On Fri, May 6, 2016 at 12:27 PM, Nat Duca <nduca@google.com> wrote:

> We once ran into a request from amazon for
> requestCallbackWhenElementOnscreen(). Similar concept. Goal was to know
> when you got rendered --- and if there was a delay due to late stage
> pipelient higns like eg image decode, or rasterization, we'd include that
> in the timing.
>
> Fundamentally, this whole space bumps up againt the :visited problem.

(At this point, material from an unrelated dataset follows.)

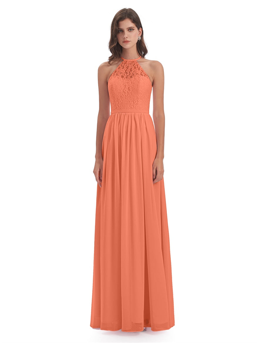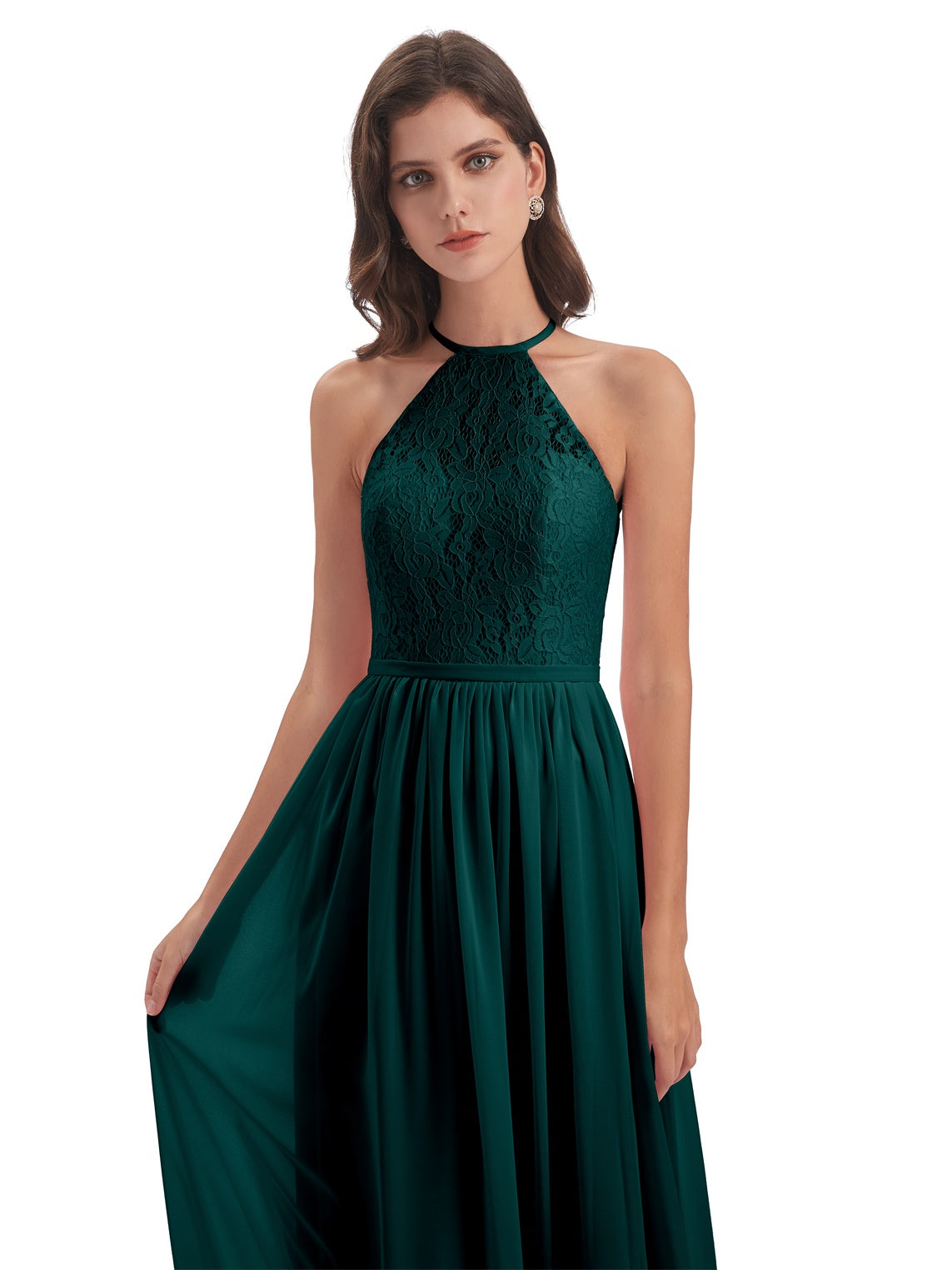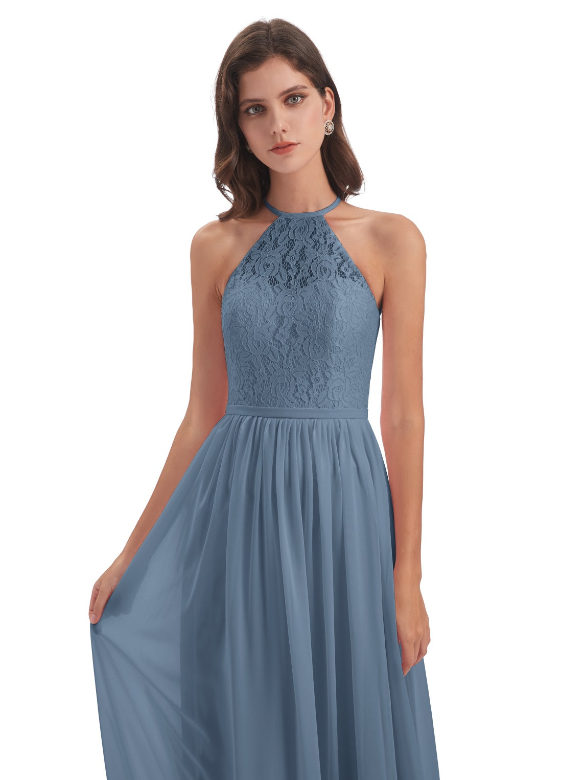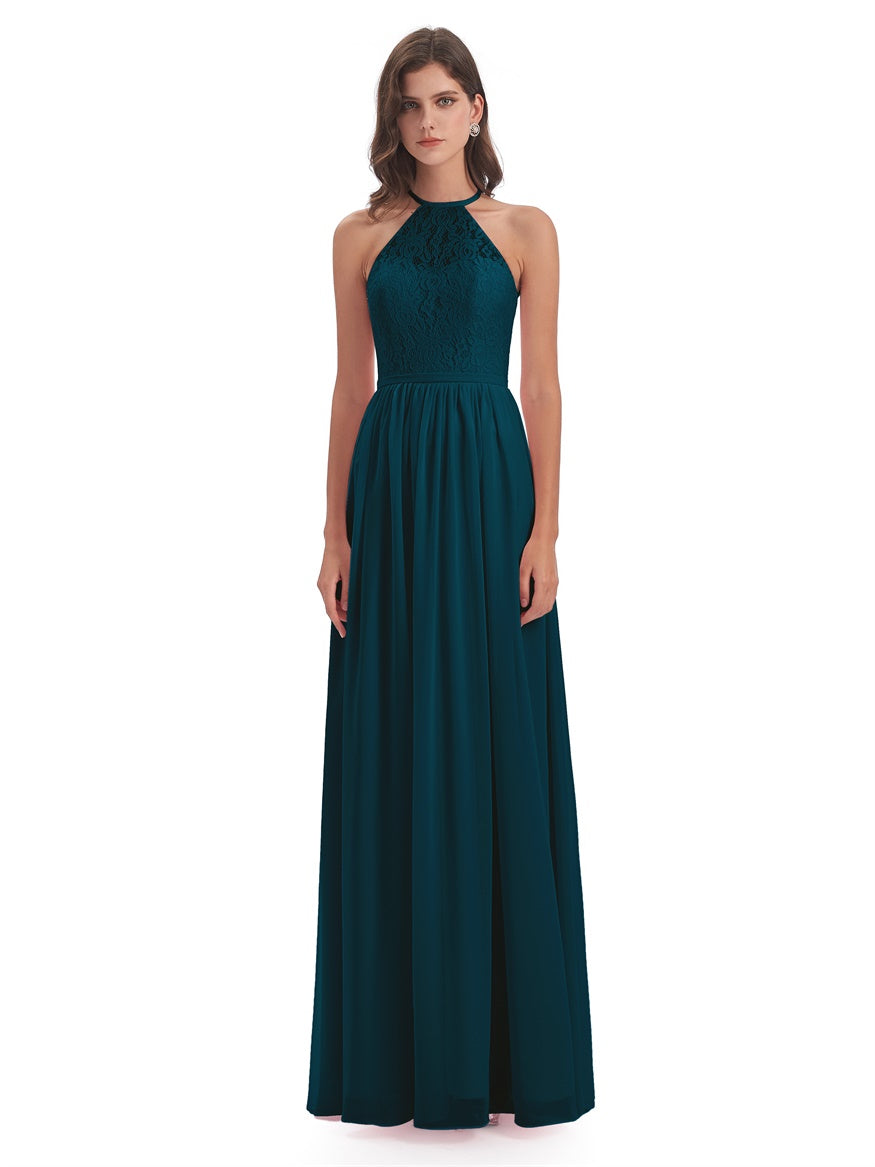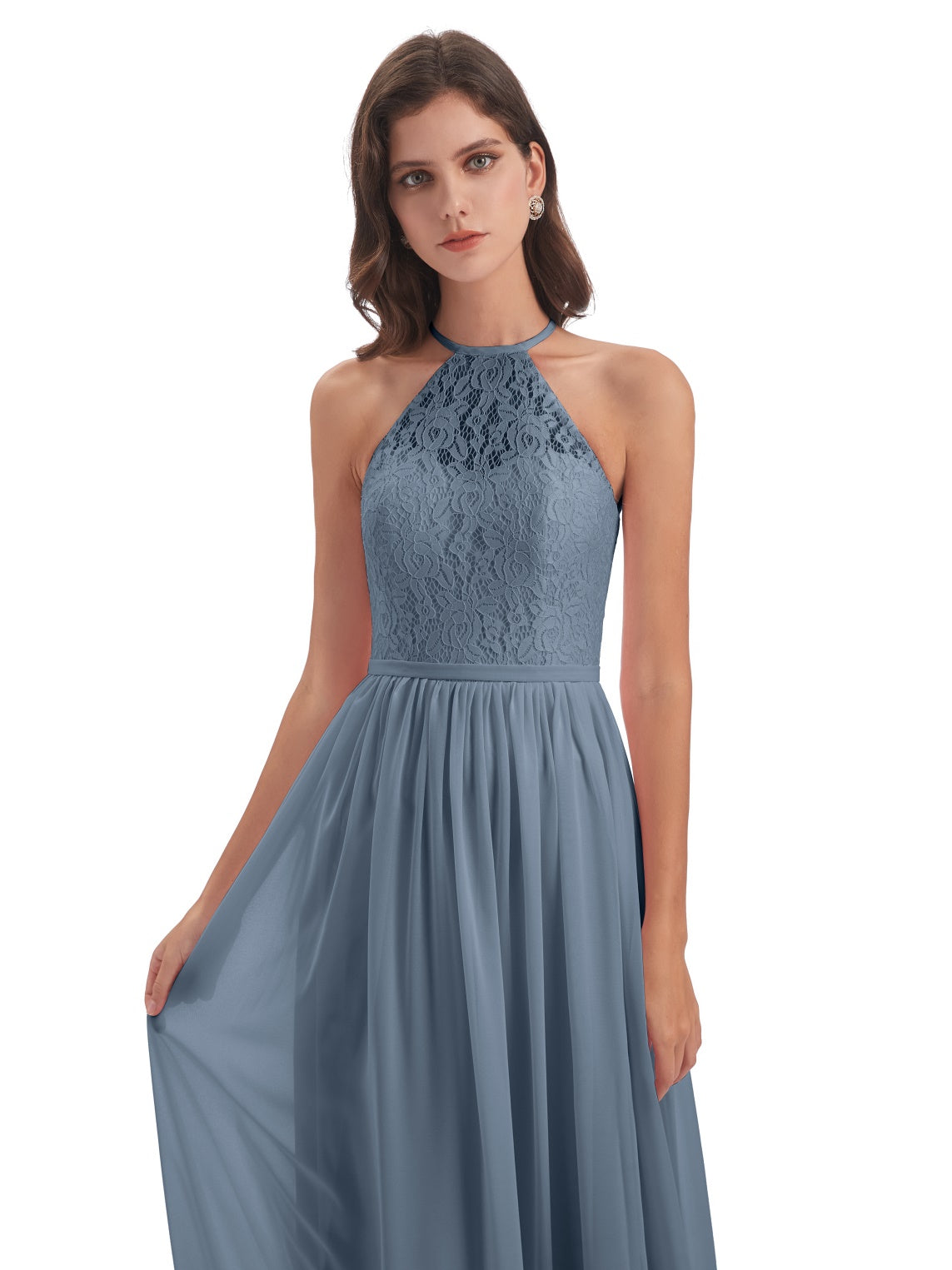 Magdalena A-Linie Bodenlange Nackenträger Spitze/Chiffon Lange Brautjungfernkleider

So,
> to do anything here, we need to move the community forward on :visited
> mitigation, I fear.
>
> On Fri, May 6, 2016 at 11:42 AM, Ilya Grigorik <igrigorik@google.com>
> wrote:
>
>> On Wed, May 4, 2016 at 3:10 PM, Ben Maurer <ben.maurer@gmail.com> wrote:
>>
>>> Hey guys --
>>>
>>> There was some discussion internally at FB about the frame timing API
>>>  and that prompted a question today.
>>>
>>> Imagine the following JS code:
>>>
>>> function RenderHello() {
>>>   ReactDOM.render(
>>>     <Hello name="World" />,
>>>     document.getElementById('container')
>>>   );
>>>   window.performance.mark('hello_rendered');
>>> }
>>>
>>> The developer wants to know when the Hello react component is "done" and
>>> so they set a performance mark once the element is inserted into the DOM.
>>>
>>
>> Pardon my ignorance of React.. I'm looking at the docs, and it looks like
>> it accepts a third callback parameter [1]: "If the optional callback is
>> provided, it will be executed after the component is rendered or updated."
>>
>> ^ what does the above encompass, exactly?
>>
>> [1]
>> https://facebook.github.io/react/docs/top-level-api.html#reactdom.render
>>
>> However, this isn't actually correct. The user only sees the Hello
>>> element once the browser paints that frame. For example, if a setTimeout()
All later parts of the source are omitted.